* [Goal of the exercise] Your job is to set down the stretch of entries that opens with the line containing "Cal que encerteu" and closes with the line containing "На благоустроенной и". Keep both end lines, copy each exactly, and add nothing.

* [Input data]
************

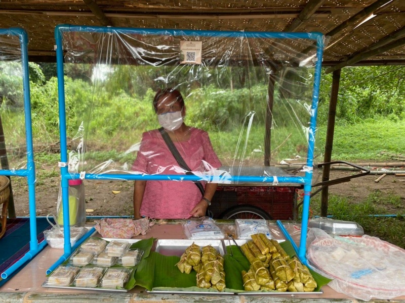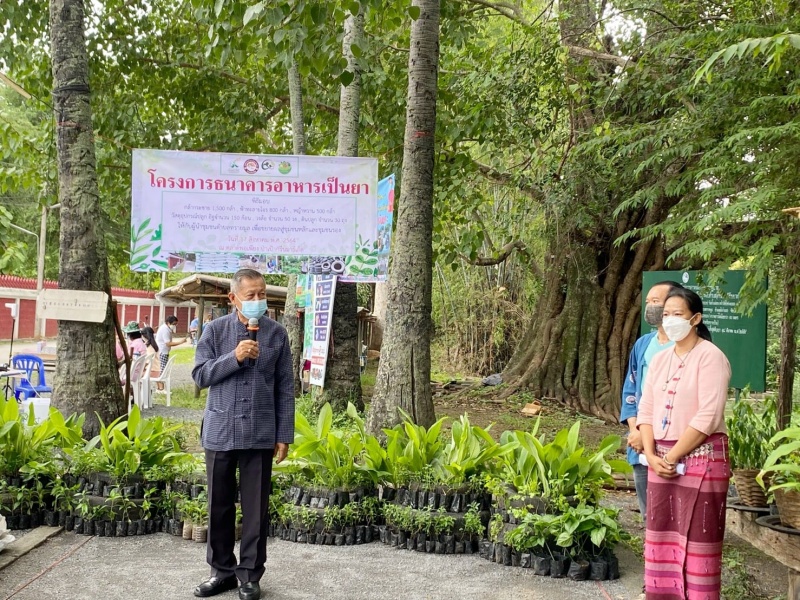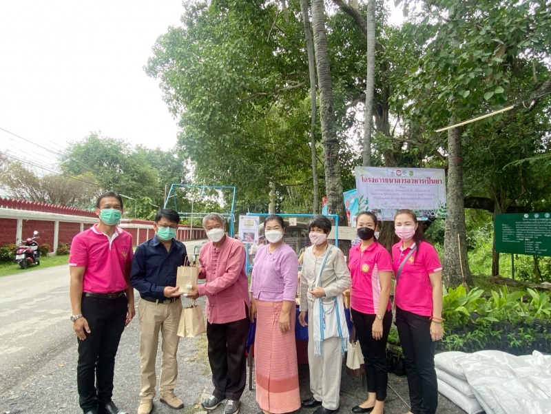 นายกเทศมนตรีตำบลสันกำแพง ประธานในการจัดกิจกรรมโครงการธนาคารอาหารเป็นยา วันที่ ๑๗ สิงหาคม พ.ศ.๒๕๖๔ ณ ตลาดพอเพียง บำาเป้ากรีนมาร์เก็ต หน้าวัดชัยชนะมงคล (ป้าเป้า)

************

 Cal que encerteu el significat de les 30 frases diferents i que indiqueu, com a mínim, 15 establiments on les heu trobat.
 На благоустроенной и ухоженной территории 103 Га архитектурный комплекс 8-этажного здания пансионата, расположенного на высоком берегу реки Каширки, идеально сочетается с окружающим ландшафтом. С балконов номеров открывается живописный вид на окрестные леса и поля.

************

* [Completed exercise]
 Cal que encerteu el significat de les 30 frases diferents i que indiqueu, com a mínim, 15 establiments on les heu trobat.
 На благоустроенной и ухоженной территории 103 Га архитектурный комплекс 8-этажного здания пансионата, расположенного на высоком берегу реки Каширки, идеально сочетается с окружающим ландшафтом. С балконов номеров открывается живописный вид на окрестные леса и поля.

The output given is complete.